** DATA PROVIDED follows **
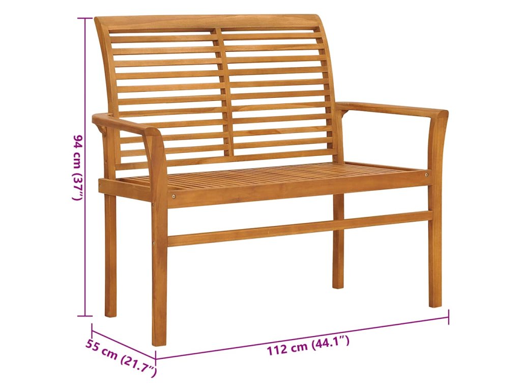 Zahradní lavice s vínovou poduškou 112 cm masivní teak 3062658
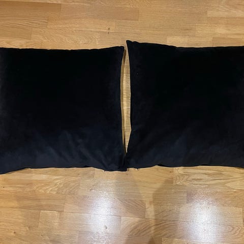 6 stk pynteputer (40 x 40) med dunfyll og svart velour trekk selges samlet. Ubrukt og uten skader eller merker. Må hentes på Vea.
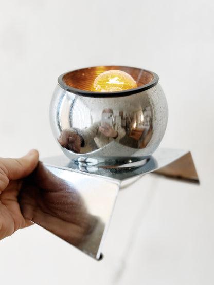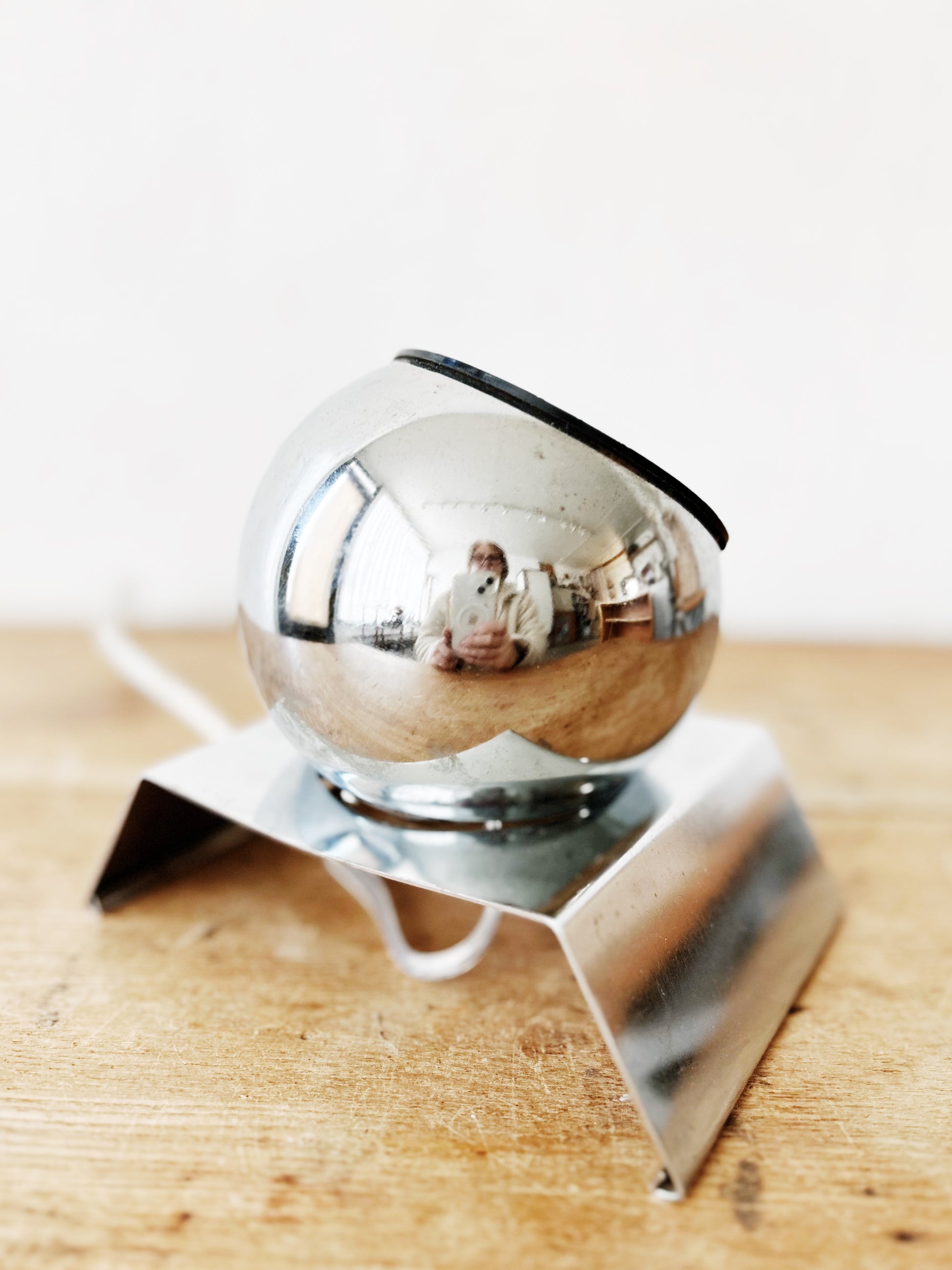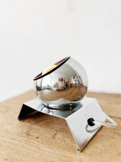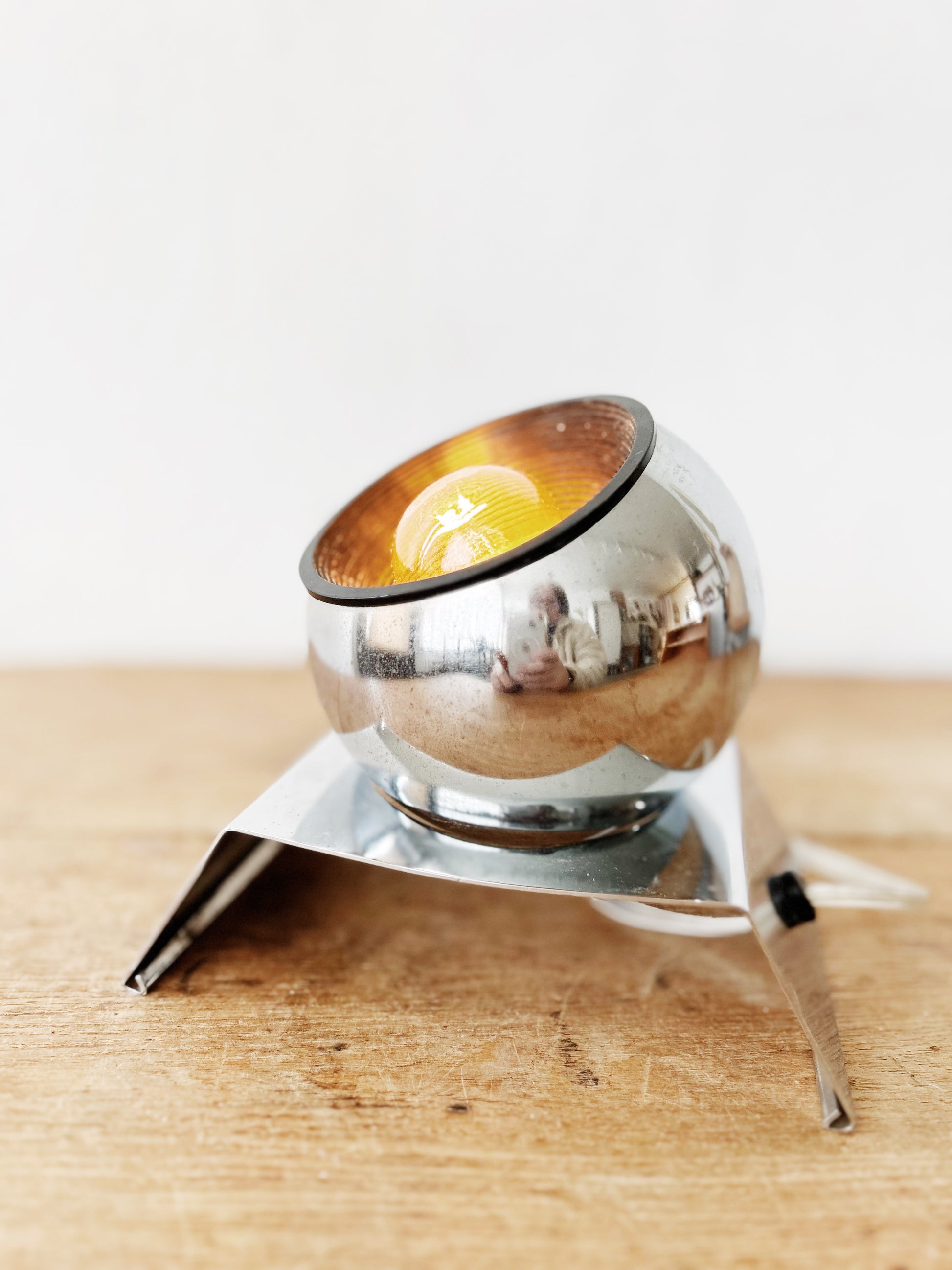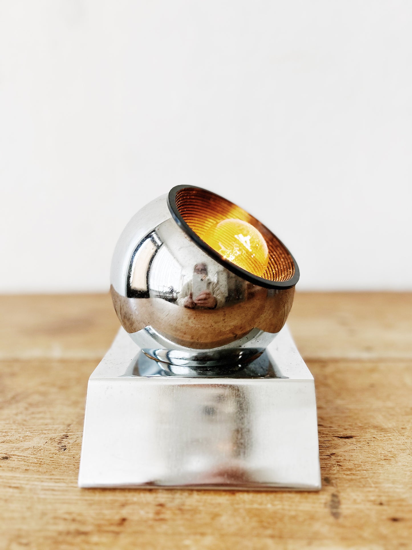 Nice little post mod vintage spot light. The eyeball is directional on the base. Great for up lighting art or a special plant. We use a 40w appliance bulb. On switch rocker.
** End of DATA PROVIDED **
Lines from the one containing "6 stk pynteputer" through the end of the material above must be reproduced exactly; pictures must not be.

 6 stk pynteputer (40 x 40) med dunfyll og svart velour trekk selges samlet. Ubrukt og uten skader eller merker. Må hentes på Vea.
 Nice little post mod vintage spot light. The eyeball is directional on the base. Great for up lighting art or a special plant. We use a 40w appliance bulb. On switch rocker.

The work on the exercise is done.